Work to be completed:
Below this sentence is a listing; return exactly its lines from the one with "closed down | |" to the one with "最后,我院与排舞协会联合献上", both kept, and nothing more.

Extracted material:
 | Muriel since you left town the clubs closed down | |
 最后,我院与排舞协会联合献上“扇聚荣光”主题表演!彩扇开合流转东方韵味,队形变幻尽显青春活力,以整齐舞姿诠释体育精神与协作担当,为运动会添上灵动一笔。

---

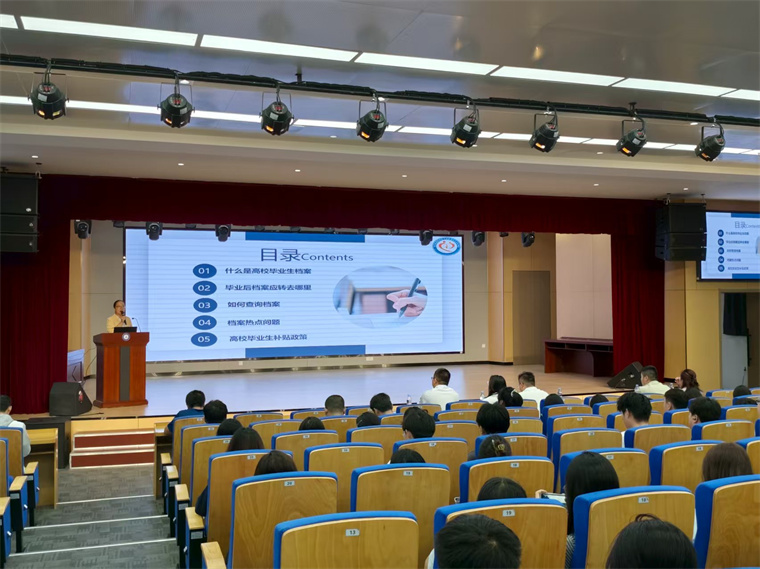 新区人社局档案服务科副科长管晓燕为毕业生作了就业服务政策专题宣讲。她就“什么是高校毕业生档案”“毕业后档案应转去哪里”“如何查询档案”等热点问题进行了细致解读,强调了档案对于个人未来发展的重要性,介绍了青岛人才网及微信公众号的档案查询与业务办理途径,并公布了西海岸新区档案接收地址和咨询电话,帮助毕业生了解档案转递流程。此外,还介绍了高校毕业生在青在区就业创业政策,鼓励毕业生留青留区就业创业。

Solution for this problem:
 | Muriel since you left town the clubs closed down | |
 最后,我院与排舞协会联合献上“扇聚荣光”主题表演!彩扇开合流转东方韵味,队形变幻尽显青春活力,以整齐舞姿诠释体育精神与协作担当,为运动会添上灵动一笔。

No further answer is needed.